Last week I begged your pardon for writing about the Colts because they’re “off topic” from my typical political posts. Now I wonder.
Listen to what the best writer in the game, Sports Illustrated’s Peter King, has to say about the prospect of a lock-out in the 2011 season (which would mean no January 2012 Superbowl for Indianapolis):
At the core of the problem is ownership's demand for players to bear an equal part of the cost for stadium construction, debt service and upkeep -- and the players saying it's not their problem.
In NFL Players Association executive director DeMaurice Smith's recent e-mail to player representatives, he startled player leaders by saying ownership wanted to cut player compensation by 18 percent per year in the new CBA.
I thought the 18 percent number might be an exaggeration, a scare tactic to get players' attention. It's not. The owners, one management source said, have asked that the players' pool of revenue against which the salary cap is calculated be reduced by 18 percent.
You wonder what 18 percent means.
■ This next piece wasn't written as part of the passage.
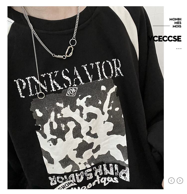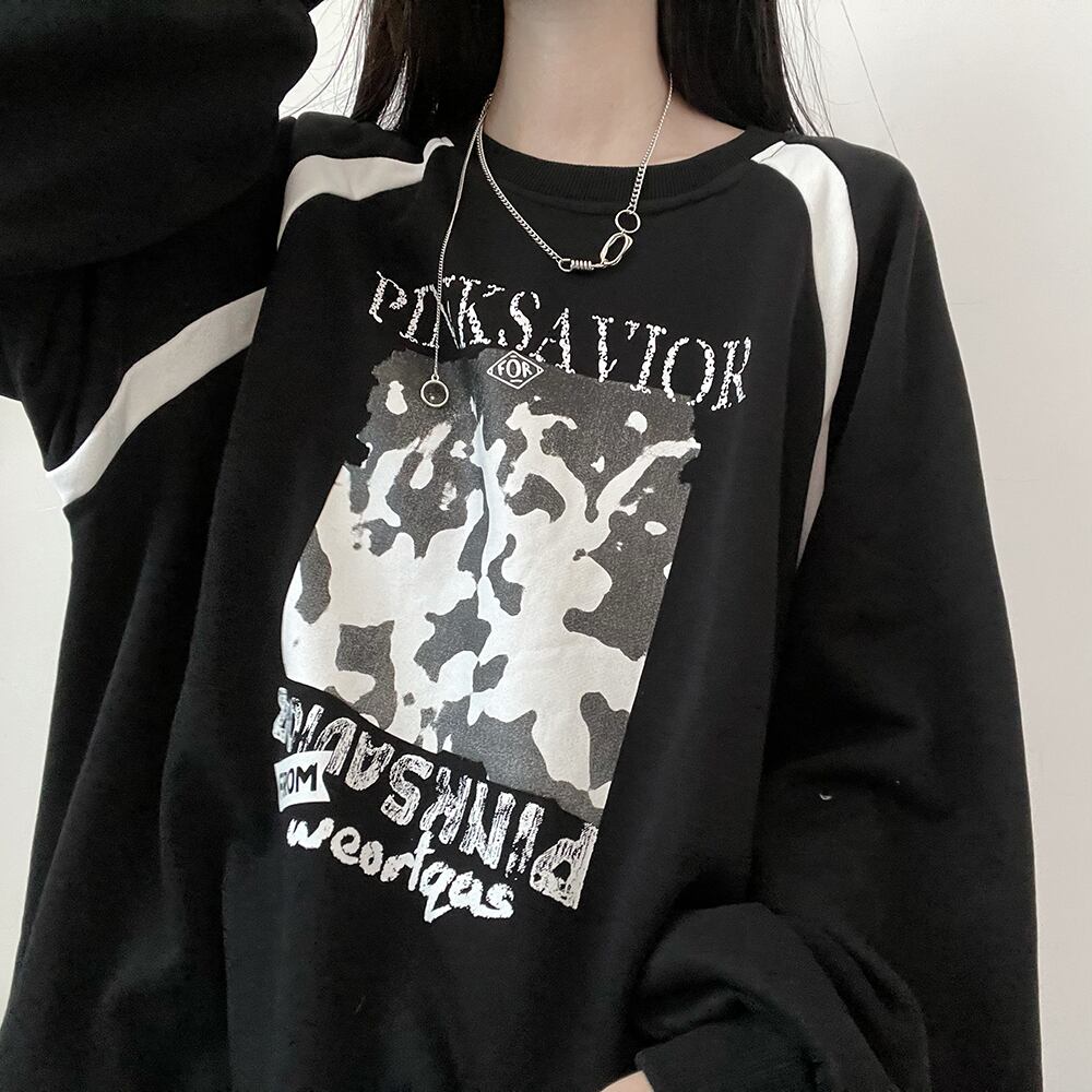 pinksavior黒とグレーのフィルムステッチルーズで薄い秋と冬の長袖ラウンドネックセーター ロング ブラック オータム 秋物 ウィンター 冬物 Oネック PSTB30844942741

So did I. The management source said the owners want $1 billion a year credited to ownership and not subject to being part of the pie that the players divide. "There's obviously been an enormous shift from public financing of stadiums to private funding,'' the management source said. "Those costs are not recognized in the current CBA, and we feel that has to change.''
But from the players' perspective, it's got to be a tough sell to union leaders. Imagine Smith going into a union meeting at a team and telling the players that the average compensation to the men in this room is about $1.8 million this year in salary and bonus payments, and explaining to them in a time of bountiful success for the NFL, each of the players is going to have to take, on average, a $324,000 pay cut. The players will never go for that, absent the owners being able to prove they're losing money in a time of unparalleled wealth in the league.
Okay, so let's think this through collaboratively, dear readers. "The owners," of which Irsay is one, claim they need to cut player salaries to pay for "the enormous shift to private financing" of stadiums. (Apparently, this "shift" to private financing happened right after we built Lucas Oil using a stadium full of tax dollars).
How in the world could Jim Irsay keep a straight face and vote for a salary cut for players on the basis of needing to pay for private financing and operations costs? Yet he needs to lead the revolt against this talk because, if he doesn't, there will be a lockout, and we will lose the 2012 Superbowl, a venture into which we've sunk dollars too plenty to count.
What makes this possibly even more ironic is that NFL costs overall are allegedly 51% payroll and the rest operational (including the aforementioned dome financing, maintenance, and operations). If we have a lockout, most owners will save on the payroll, but lose on the revenue and operation costs. Irsay won't lose on the latter because we're covering it all (see CIB bailout plan!).
In other words, the guy we're relying upon to talk some of these other owners off the ledge has less of an incentive than anybody in the league. Unless...dear God, somebody please tell me he doesn't get the money from the Superbowl concessions, too.